**RAW DATA**
-------
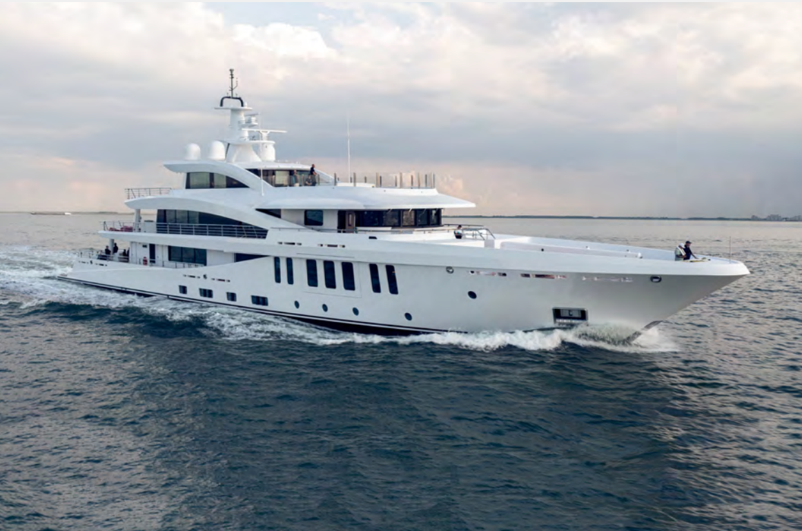
Moonstone, Amels BN18803 (2021)

CUSTOMER: Damen Yachting TYPE: Motor Yacht (60 m) TYPE OF WORK: Newbuild SCOPE OF SUPPLY: E-installation, Energy Storage, Navcom
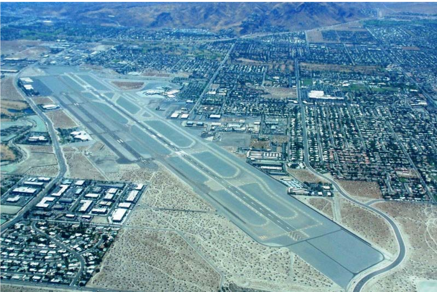
As we flew by Palm Springs' airport, I got to fly for 20 seconds while Charles snapped a shot for you.
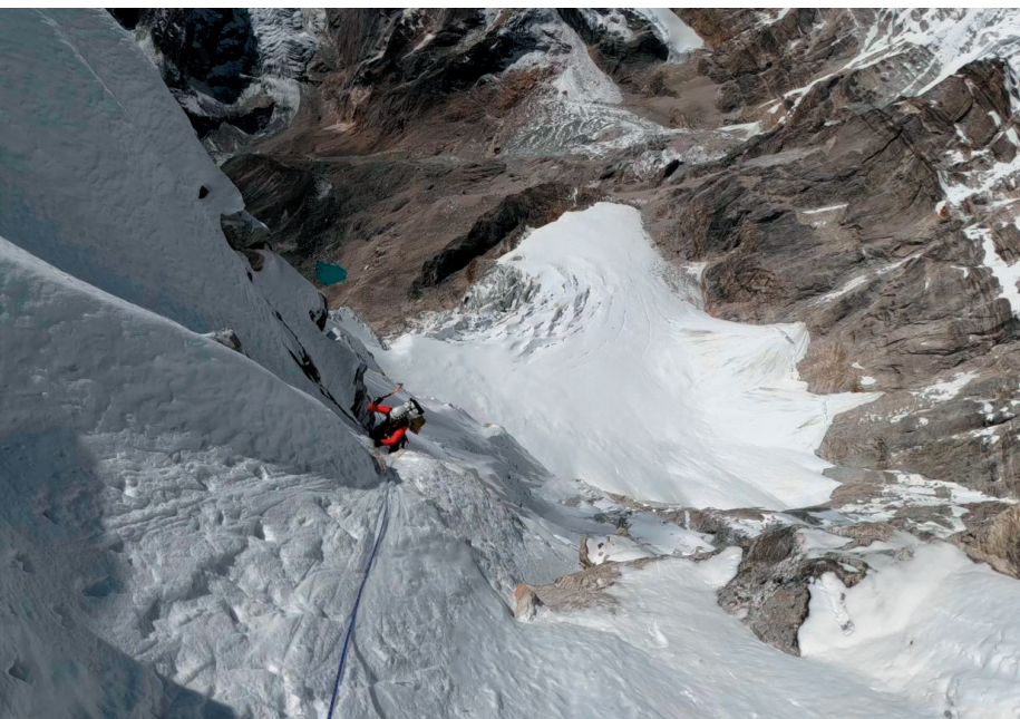
Higher on the west face of Pomlaca. (Matija Volontar)
-------
**YOUR INSTRUCTIONS**
Print out the complete listing above exactly, dropping each image.

**RESPONSE AREA**
Moonstone, Amels BN18803 (2021)

CUSTOMER: Damen Yachting TYPE: Motor Yacht (60 m) TYPE OF WORK: Newbuild SCOPE OF SUPPLY: E-installation, Energy Storage, Navcom
As we flew by Palm Springs' airport, I got to fly for 20 seconds while Charles snapped a shot for you.
Higher on the west face of Pomlaca. (Matija Volontar)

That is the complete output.